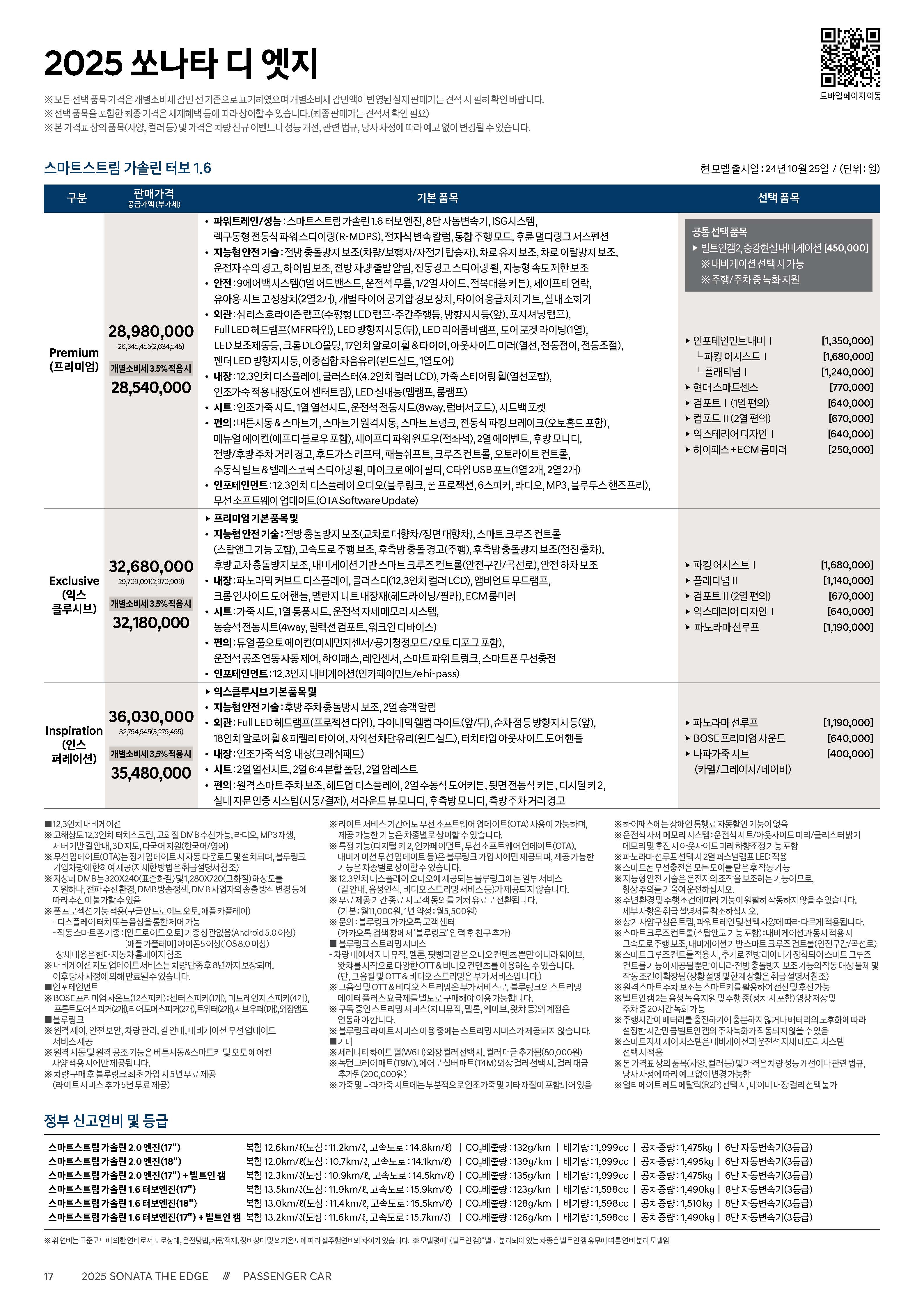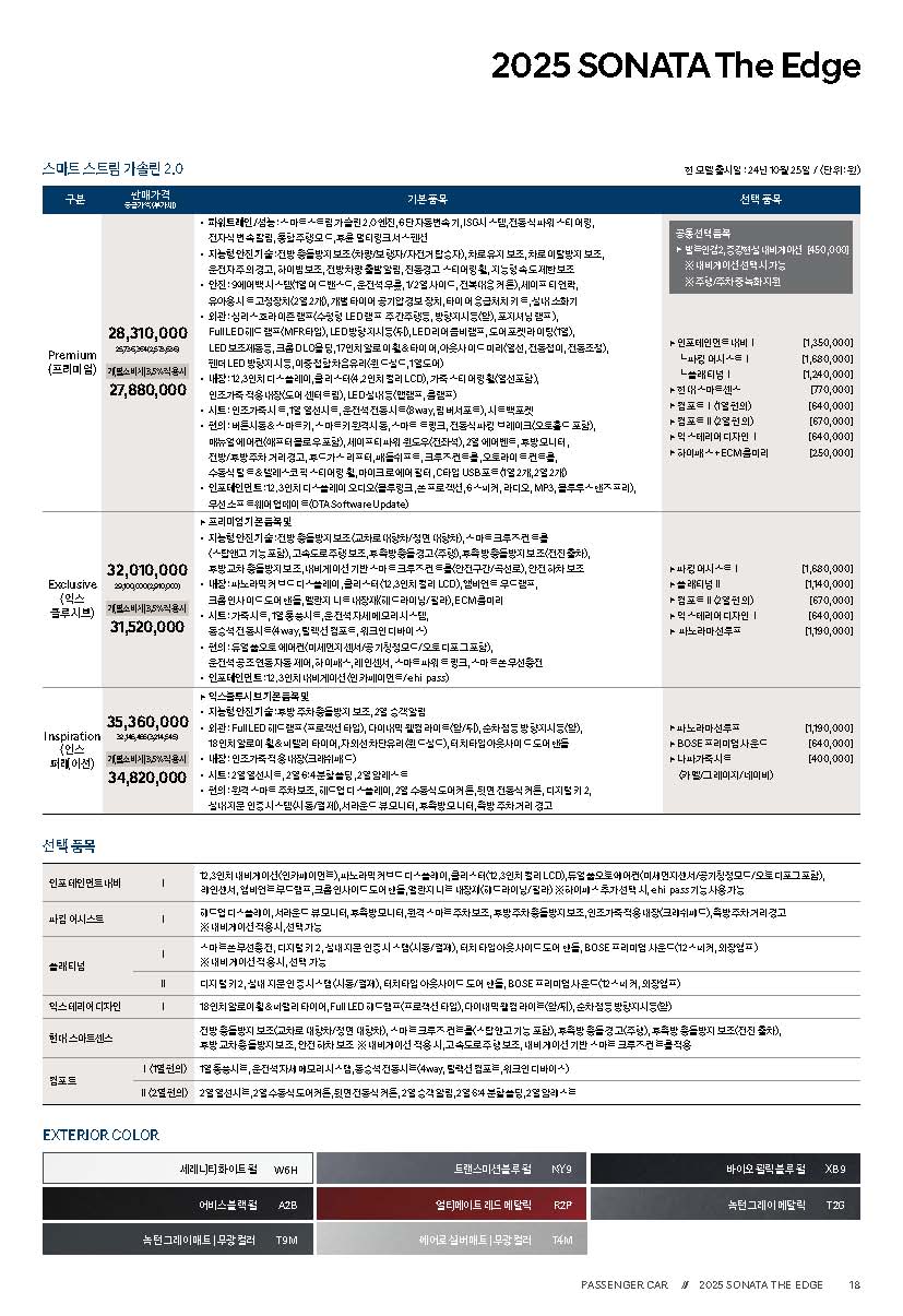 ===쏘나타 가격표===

* * *

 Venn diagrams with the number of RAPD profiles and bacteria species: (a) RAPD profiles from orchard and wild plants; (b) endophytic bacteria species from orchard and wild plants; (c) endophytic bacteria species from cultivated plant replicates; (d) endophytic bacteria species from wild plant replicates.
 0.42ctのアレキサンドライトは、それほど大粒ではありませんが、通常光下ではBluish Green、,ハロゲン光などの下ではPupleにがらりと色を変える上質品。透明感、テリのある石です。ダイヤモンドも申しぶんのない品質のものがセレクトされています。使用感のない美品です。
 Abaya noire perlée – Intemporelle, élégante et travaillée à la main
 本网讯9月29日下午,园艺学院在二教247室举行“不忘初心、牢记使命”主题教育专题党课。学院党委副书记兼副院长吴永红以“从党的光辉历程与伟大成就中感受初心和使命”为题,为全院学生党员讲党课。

--

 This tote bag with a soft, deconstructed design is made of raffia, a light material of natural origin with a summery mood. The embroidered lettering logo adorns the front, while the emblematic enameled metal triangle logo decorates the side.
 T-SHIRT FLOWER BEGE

--- Activity ---
Your reply must be a single number: the count of lines in the listing that hold "with".

--- Reply to the task ---
2